Mohamed A M Elansary, PhD
Target: Machine Learning Research Engineer — WindBorne Systems
Sourced insights (≤2)
- AI data assimilation: WindBorne AI DA closes the loop on Global Sounding Balloon observations → better initial conditions; publicly reported 3.5% more accurate than ECMWF physics-based DA at 12h for Z500 — assimilation is the product thesis, not forecast demos alone. Source: windbornesystems.com/blog/windborne-ai-da
- JD ML RE seat: AI-based data assimilation of balloons, satellites, and weather stations into forecasts; progress toward a weather foundation model; clean/combine messy multi-source weather datasets; rapid experiments → reusable research infrastructure. Source: windbornesystems.com/careers/machine-learning-research-engineer
Proof — assimilation × UQ/eval × geospatial/time-series × ship
- PhD Environmental Engineering, TAMUK 2022: multi-basin, multi-hydroclimate surface-water/groundwater forecast uncertainty quantification & reduction on HPC (MODFLOW, VIC, PIHM, NASA LIS) over USGS/NOAA/NASA stacks — assimilation-adjacent multi-source obs → forecast skill.
- Geospatial + time-series: ArcGIS/QGIS 8 years; AMS 2021 spatio-temporal floods & droughts; multimodel streamflow forecasts across hydroclimates (AMS 2018).
- Messy multi-source Earth/hydro data fluency + publication-grade QA — the same clean/combine/decide-usefulness muscle the WindBorne seat needs for balloons/satellites/stations.
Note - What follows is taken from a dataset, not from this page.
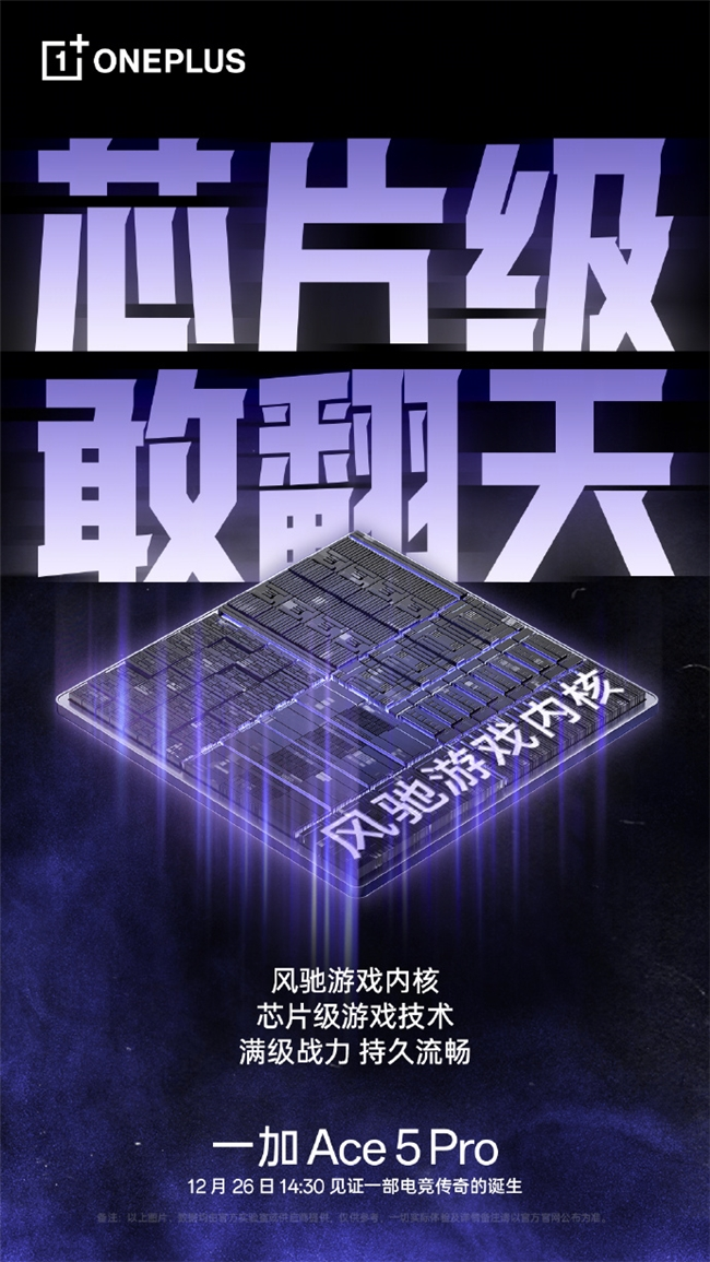 即将发布的一加 Ace 5 系列至高搭载骁龙 8 至尊版旗舰移动平台,匹配至高16GB LPDDR5T高规格闪存和1TB UFS 4.0 超大内存,顶级性能配置全面拉满。同时, 一加 Ace 5 系列全系搭载自研芯片级游戏技术「风驰游戏内核」,带来行业最优的游戏单帧功耗,游戏场景功耗、发热明显降低,并且突破帧率和画质限制,带来某大型开放世界手游120 帧 + 1080P 画质满血同开,有着堪比芯片迭代的超强游戏表现,是当之无愧的游戏体验天花板。一加 Ace 5 系列还搭载至高 6400mAh 的超大容量冰川电池、最高 100W 超级闪充,轻松实现最快35分钟就充满电的极速充电体验。一加 Ace 5 Pro 还拥有行业领先的「旁路供电」技术,大幅减少边玩边充机身发热。

- Ships production Python AI systems (Vertexium agentic LLM + retrieval + multi-tenant agents; EDAT GRI/SASB/TCFD) — experiments that become durable systems.
- Honest frame: assimilation + UQ + eval lock — not claimed WeatherMesh/AI-DA owner; no invented weather-foundation-model pubs. Brand: the PhD who ships. Bay Area OK · Prefer take-home · $140k–$240k + equity story.